Cullen, acostumbrado a aquellas emociones, disimulaba perfectamente y en sus ademanes no se transparentaba nada que no fuese su finura de hombre culto, capaz de alternar sin esfuerzo con sus propios adversarios.

Bayo parecía ignorarlo todo, atendiendo solamente lo que Pizarro le relataba con animada mímica.

Ocupaban los dos un pequeño sofá de nogal acolchado de damasco, y sobre ellos caía la luz de un candelabro lleno de bujías, puesto a sus espaldas sobre una consola.

Tenían al frente, sobre otra consola igual, un gran espejo que les permitía mirar todo el salón sin volver la cabeza.

Iriondo con algunos amigos, se refugió en uno de los saloncitos, y su ausencia calmó un tanto los nervios de Insúa, que volvió a mezclarse en las danzas, con una ardiente fiebre de placer, como si la lucha cercana en que podía morir, no le preocupase, o redoblara su entusiasmo por gozar de aquellos fugitivos minutos.

Montarón salió hasta la galería, por esquivar las pupilas de Jarque, cuyos ojos semicerrados nadie sabía dónde miraban, aunque él en todo momento sentía la impresión de que estudiaban cada uno de los gestos que él hacía.
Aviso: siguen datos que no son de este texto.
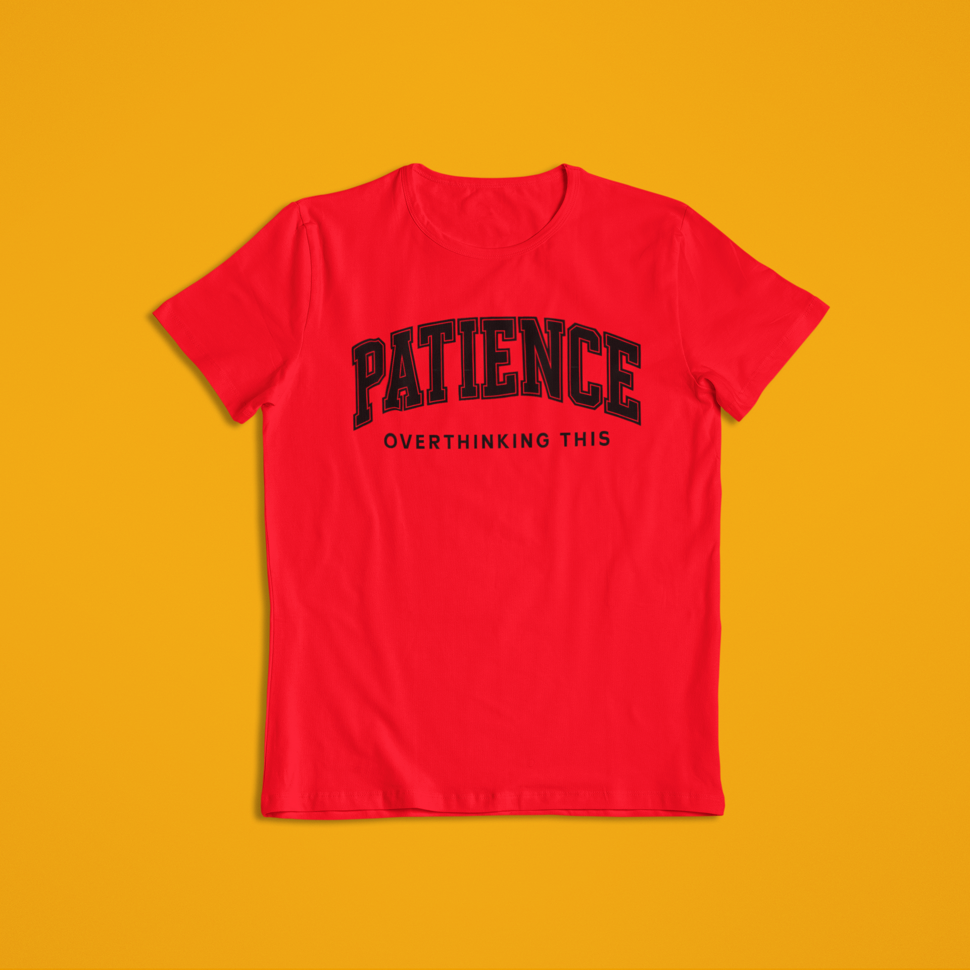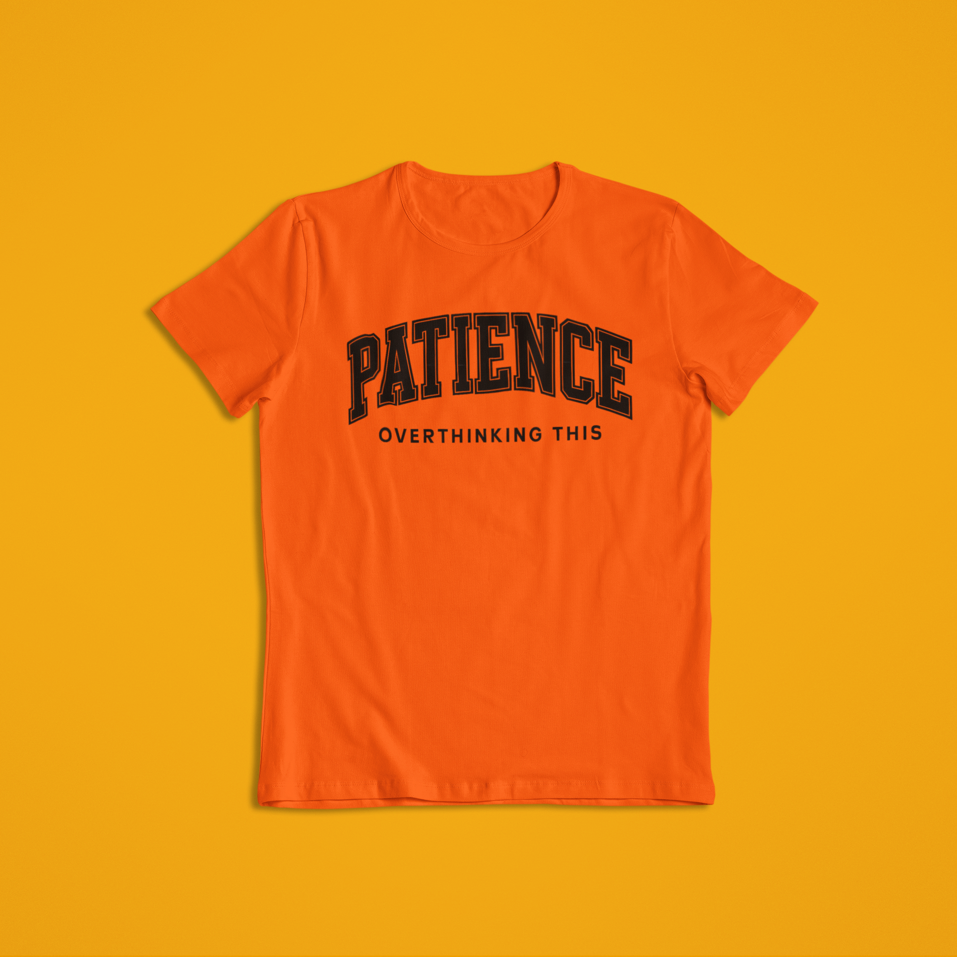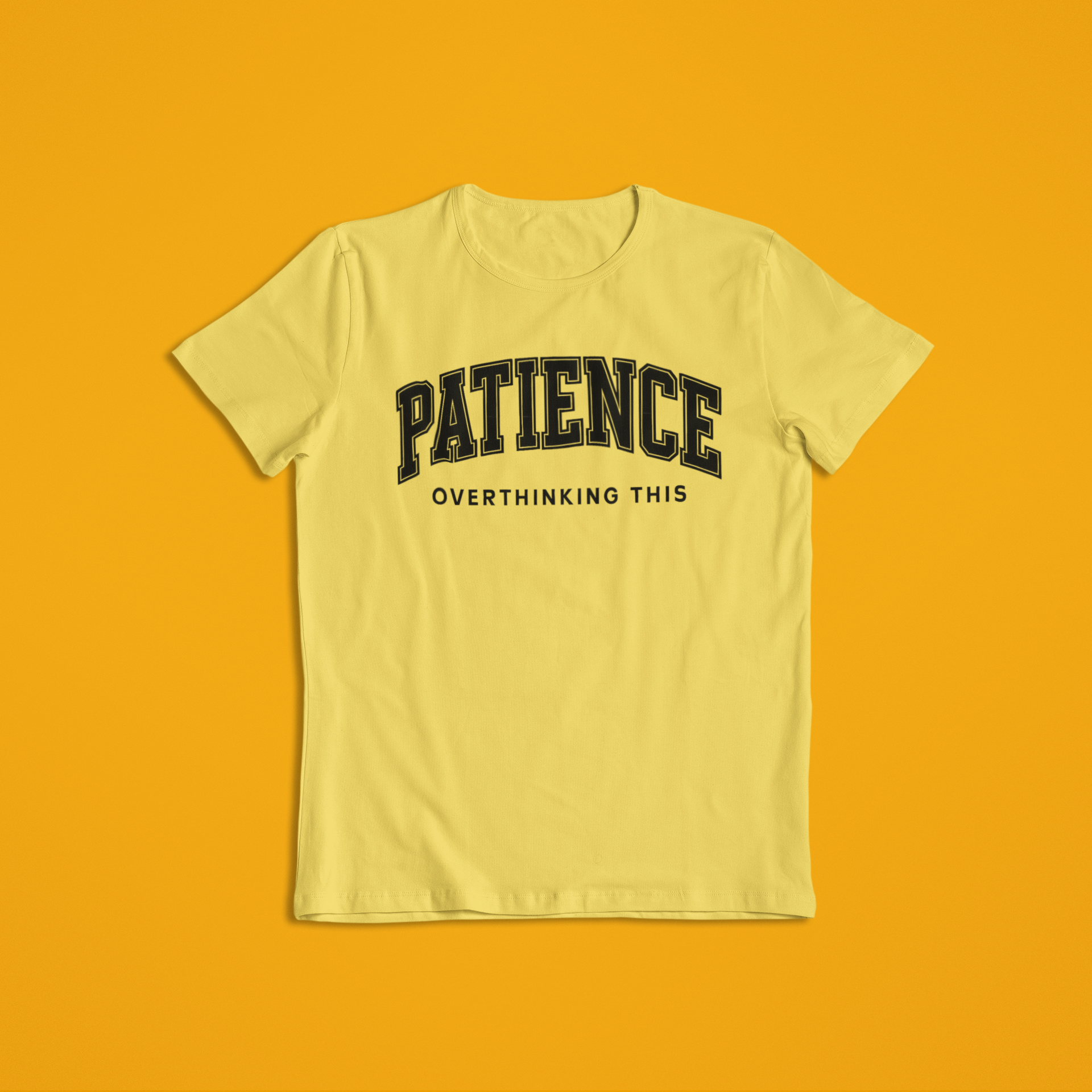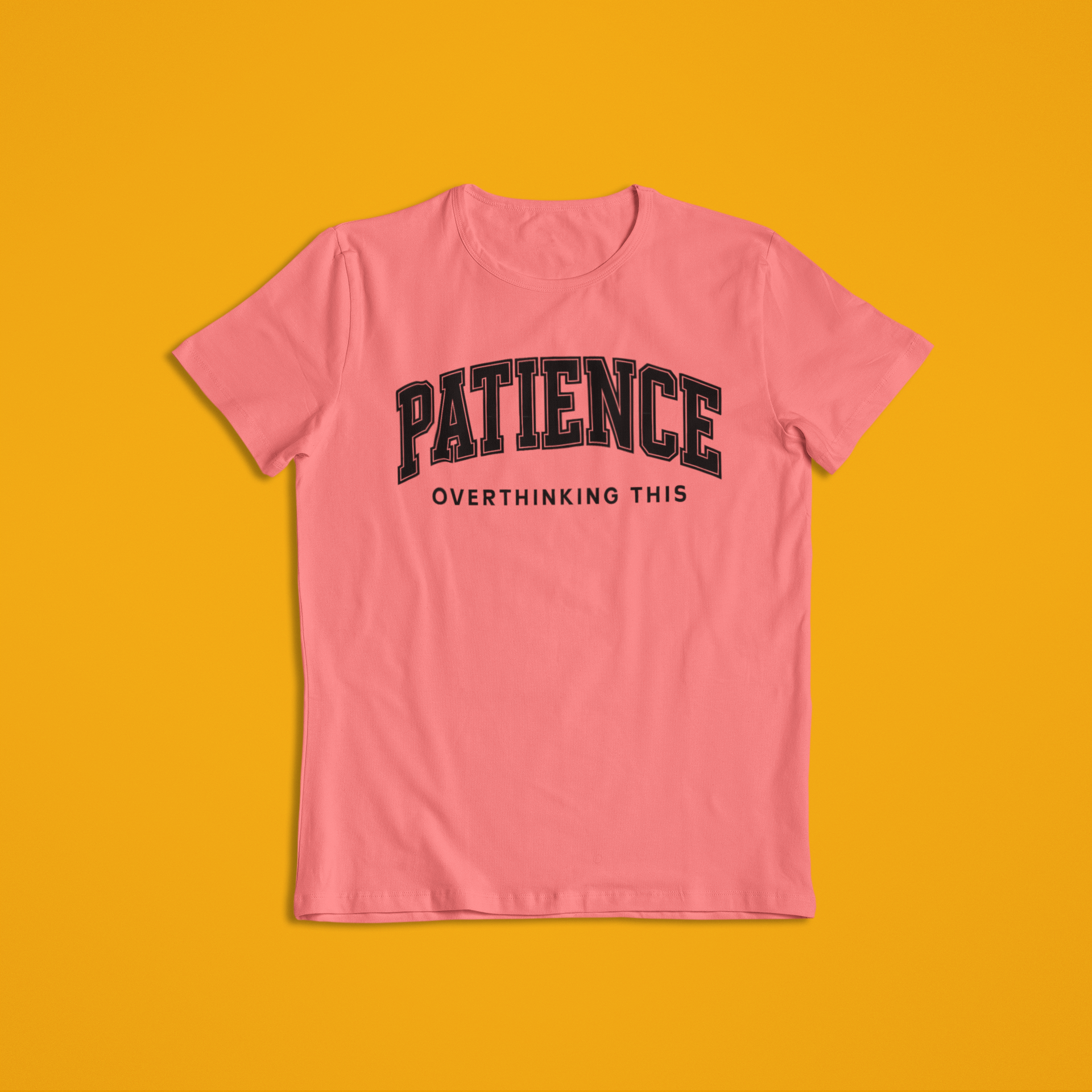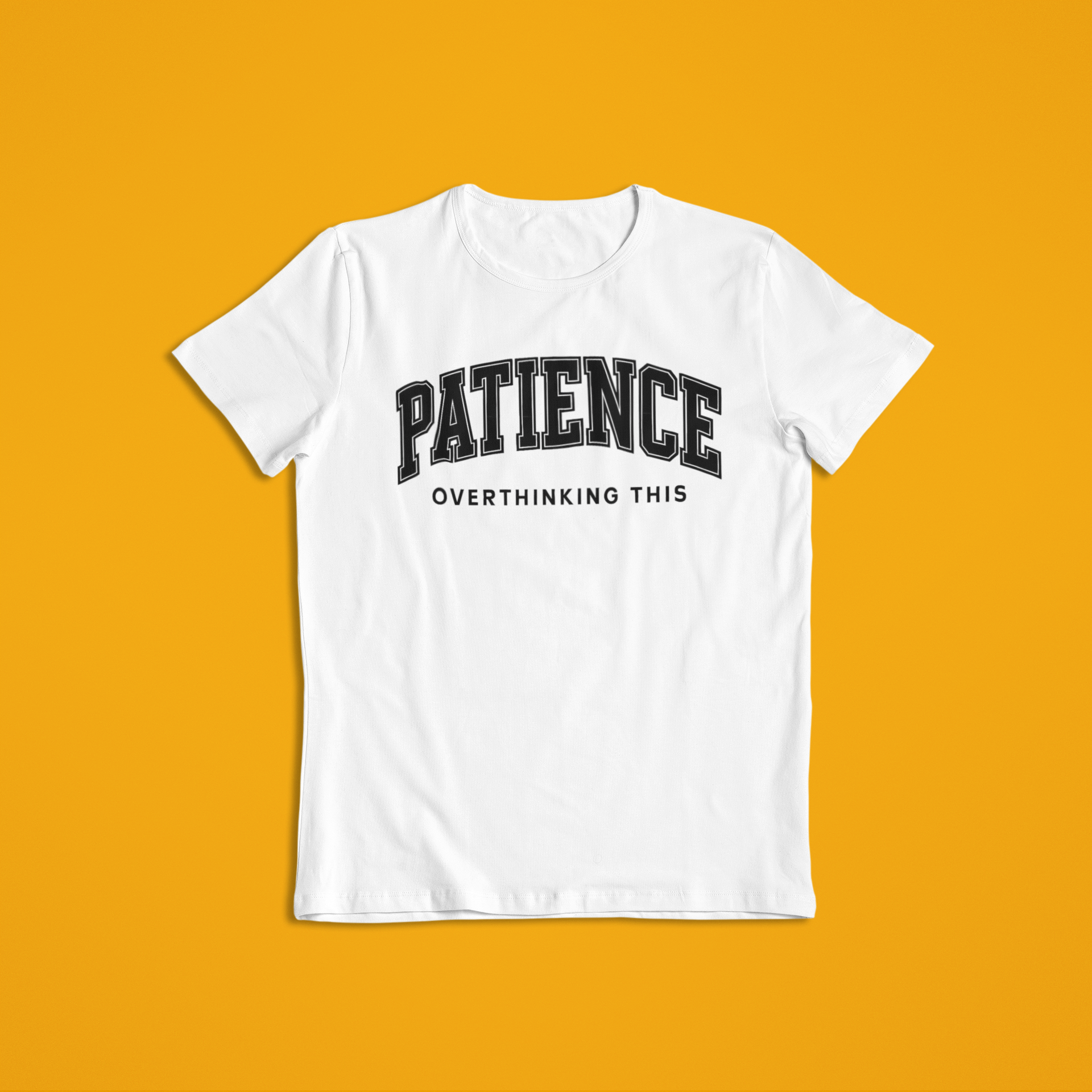 Keep calm and laugh at life’s chaos with this witty minimalist design that reads “Patience – Overthinking This.” Perfect for anyone who overanalyzes everything but still keeps their sense of humor!
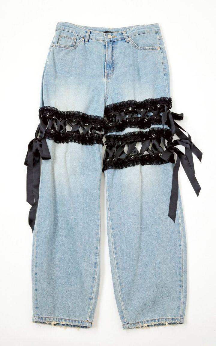 (上から)デニム×黒リボンが夢可愛♡ デコラティブで着こなしの主役に。¥32,450/ミステリアスホテル(ハナ コリア)、すっきりとした体のライン拾わないシルエットで、レイヤードスタイルにもぴったり。¥19,000/ランダ
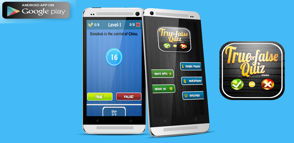 Pravda nebo falešná hra kvíz, je skvělá hra, testovat váš rozum. Pojďme se vyzvat v jednom hráči nebo si hrát se svým přítelem v multiplayeru.Jedná se o kvízovou hru poskytuje znalosti geografie, sportu, vědy, historie a dalších předmětů zajímavých. Tato hra tedy v zásadě zlepší vaše znalosti o různých tématech, ale také vás pobaví, aby se relaxovala. Oba uživatelé mohou vidět otázky na vlastní straně a odpovědět a musí zrychlit odpověď. Všechny věkové věky.
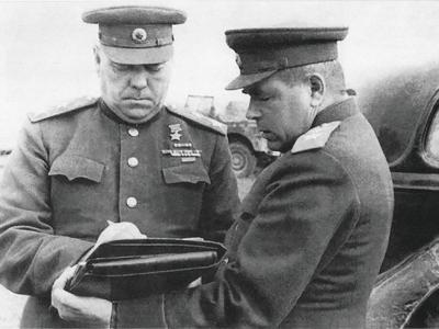 苏联元帅亚·米·瓦西列夫斯基和空军元帅费·雅·法拉列耶夫在...
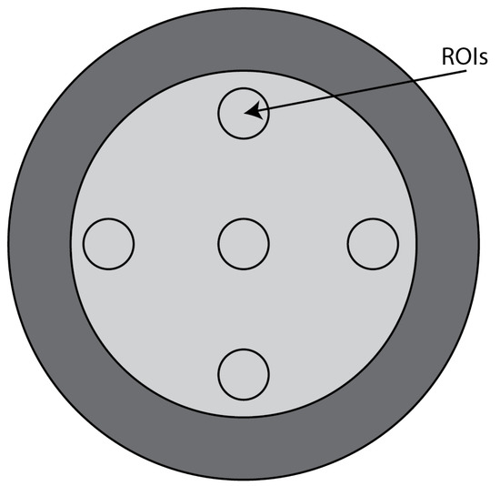 15]. For selecting the ROI, we used the reconstructed images shown with red and blue circles in

La hora en que habían convenido que Insúa saliera, estaba próxima y no se veía cómo podría abandonar el salón sin hacer notar su ausencia.

El banquero empezaba a ponerse nervioso; desde la penumbra de la galería vió a Cullen, en apariencia tranquilo, conversando con algunas señoras, pero puesta la mano sobre el reloj, como si él también sintiera la ansiedad de los minutos que volaban.

Montarón vió pasar a su hija, radiante, del brazo del joven militar, y empezó a torturarle un remordimiento, que durante el día lo acosara, y que ahora despertaba de nuevo en su corazón angustiado.